The computing architecture 2100 includes various common computing elements, such as one or more processors, multi-core processors, co-processors, memory units, chipsets, controllers, peripherals, interfaces, oscillators, timing devices, video cards, audio cards, multimedia input/output (I/O) components, power supplies, and so forth. The embodiments, however, are not limited to implementation by the computing architecture 900.

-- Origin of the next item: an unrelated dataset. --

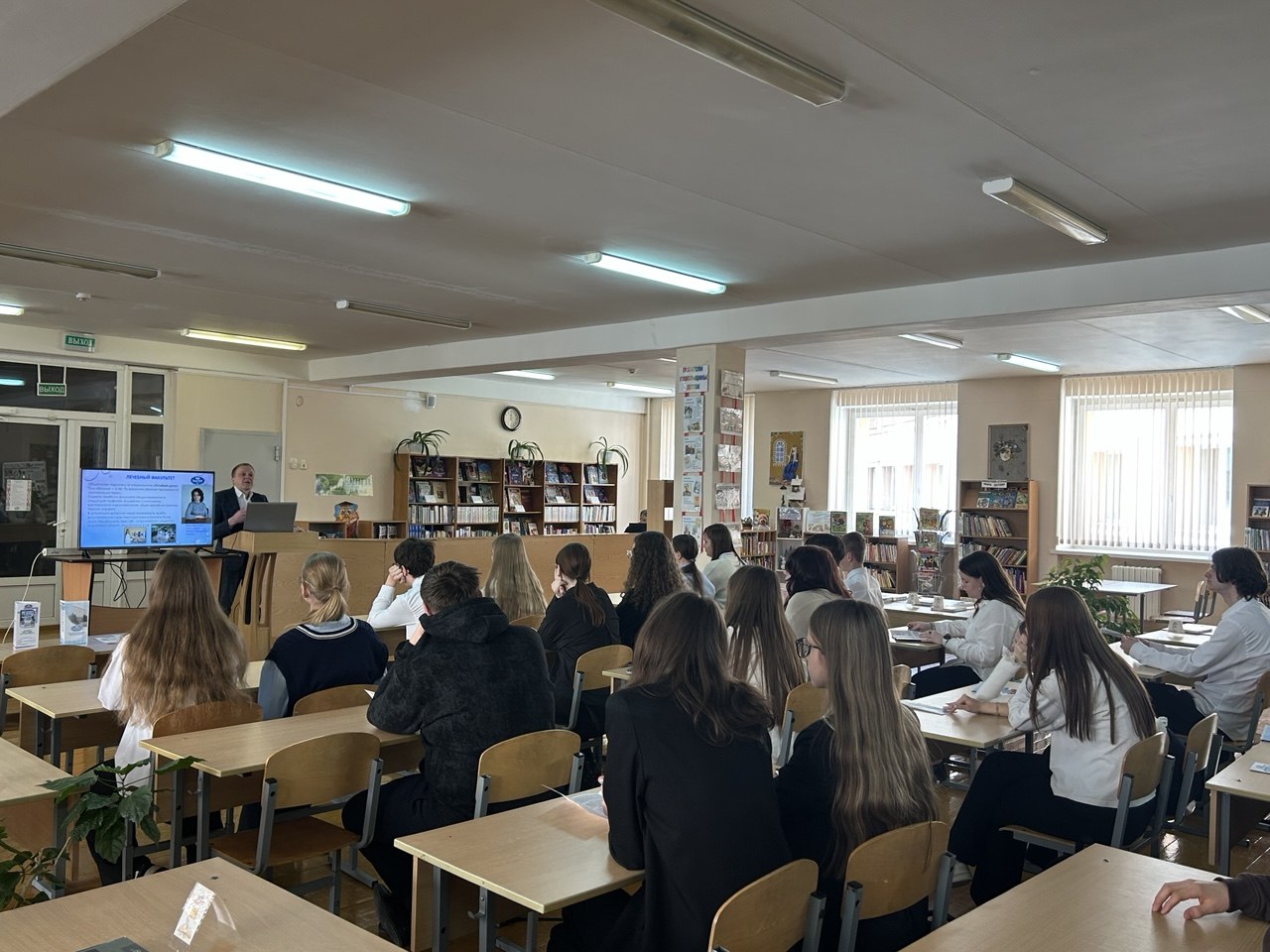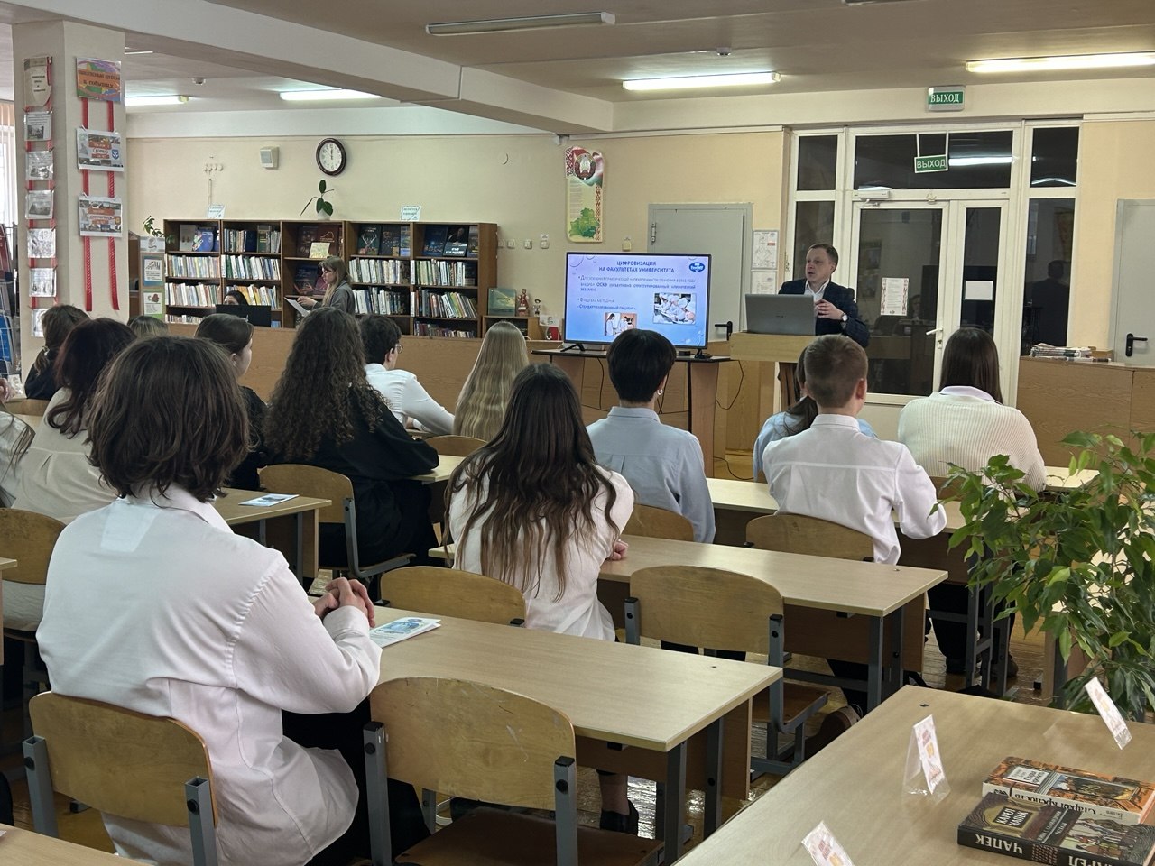 В ходе мероприятия Дмитрий Владимирович подробно осветил ключевые аспекты поступления и обучения в одном из ведущих медицинских вузов региона. Школьники получили исчерпывающую информацию о структуре университета, его факультетах и спектре специальностей, по которым ведётся подготовка будущих медицинских работников.

As shown in FIG. 21, the computing architecture 2100 comprises a processing unit 2104, a system memory 2106 and a system bus 2108. The processing unit 2104 can be any of various commercially available processors, including without limitation an AMD® Athlon®, Duron® and Opteron® processors; ARM® application, embedded and secure processors; IBM® and Motorola® DragonBall® and PowerPC® processors; IBM and Sony® Cell processors; Intel® Celeron®, Core (2) Duo®, Itanium®, Pentium®, Xeon®, and XScale® processors; and similar processors. Dual microprocessors, multi-core processors, and other multi-processor architectures may also be employed as the processing unit 2104.

The system bus 2108 provides an interface for system components including, but not limited to, the system memory 2106 to the processing unit 2104. The system bus 2108 can be any of several types of bus structure that may further interconnect to a memory bus (with or without a memory controller), a peripheral bus, and a local bus using any of a variety of commercially available bus architectures. Interface adapters may connect to the system bus 2108 via a slot architecture. Example slot architectures may include without limitation Accelerated Graphics Port (AGP), Card Bus, (Extended) Industry Standard Architecture ((E)ISA), Micro Channel Architecture (MCA), NuBus, Peripheral Component Interconnect (Extended) (PCI(X)), PCI Express, Personal Computer Memory Card International Association (PCMCIA), and the like.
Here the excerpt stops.